• Your assignment: Only the lines from the start of the data through the line with "The Emes Shop" belong in the copy. Restate them word for word, minus the pictures.

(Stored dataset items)
*** Begin section ***

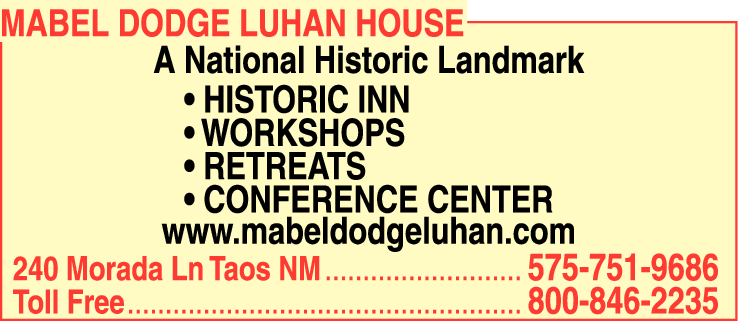 Names and Numbers Verified Bed & Breakfast Conference Centers & FacilitiesMabel Dodge Luhan House is a renowned National Historic Landmark located at 240 Morada Ln in Taos, New Mexico. Serving as an emblem of the region's rich cultural and artistic heritage, the Mabel Dodge Luhan House offers a unique blend of history, charm, and modern amenities. …
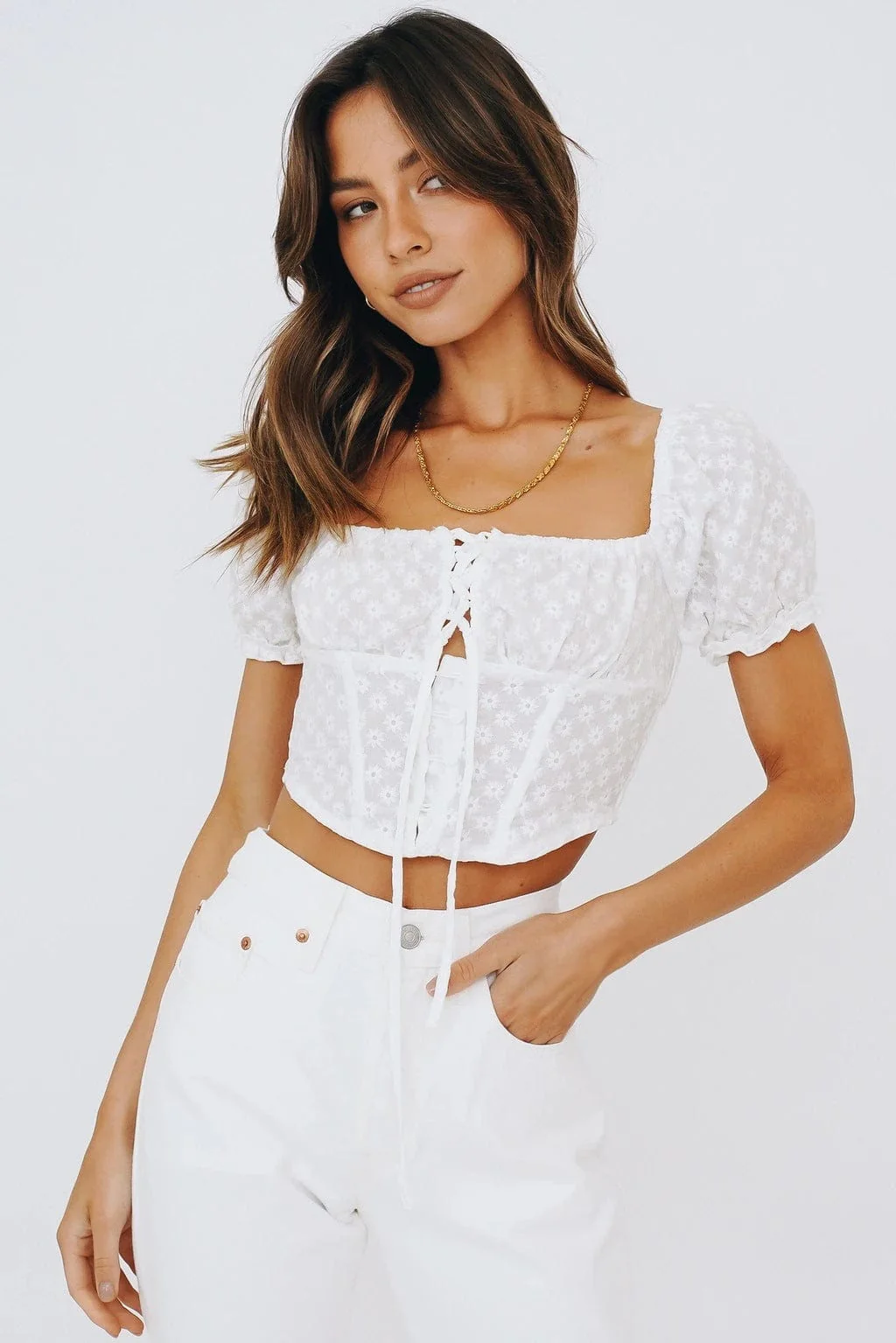 The Emes Shop top is detailed with a square neckline lace up string tying center bust. and puff capped sleeves. Features button front waist. and an elastic shirred back. Pair thismilkmaid-styled peasant top with your favorite pair of denim jeans and loafers for an effortless look.
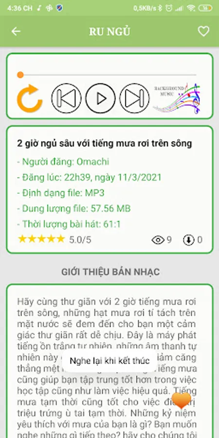 - Application used to listen to music online, offline with music store according to the needs of the body and mind.
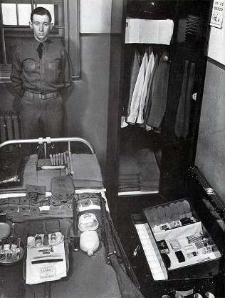 In the 20th century is was common for a soldier to have a card that listed and illustrated all the gear that was needed and how to lay it out in garrison (cool word) or in the field for inspection.
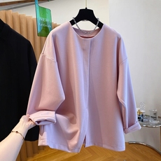 秋季宽松显瘦长袖粉色无帽单穿卫衣女2025新款设计感时尚百搭上衣
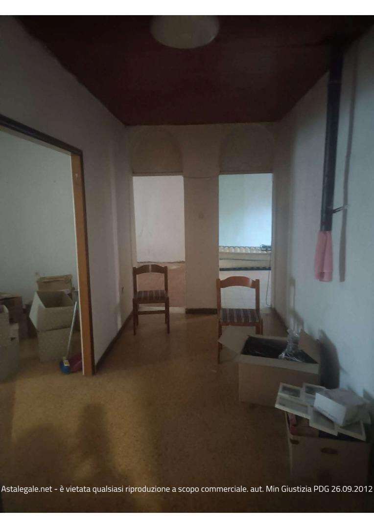 appartamento a civile abitazione al primo ed ultimo piano. Il bene, avente un portoncino di ingresso ubicato a sinistra per chi sale le scale, risulta composto da un ampio disimpegno centrale che permette l’accesso ai vari vani che compongono l’unità immobiliare. Entrando a sinistra è collocato un ampio soggiorno con una zona cottura comunicante con un piccolo balcone e con il servizio igienico posti sul retro del fabbricato. In fondo al disimpegno sono presenti due grandi camere e sulla destra, tramite un vano di passaggio, trovano collocazione ulteriori due camere.

*** End section ***

• Solution to this exercise:
 Names and Numbers Verified Bed & Breakfast Conference Centers & FacilitiesMabel Dodge Luhan House is a renowned National Historic Landmark located at 240 Morada Ln in Taos, New Mexico. Serving as an emblem of the region's rich cultural and artistic heritage, the Mabel Dodge Luhan House offers a unique blend of history, charm, and modern amenities. …
 The Emes Shop top is detailed with a square neckline lace up string tying center bust. and puff capped sleeves. Features button front waist. and an elastic shirred back. Pair thismilkmaid-styled peasant top with your favorite pair of denim jeans and loafers for an effortless look.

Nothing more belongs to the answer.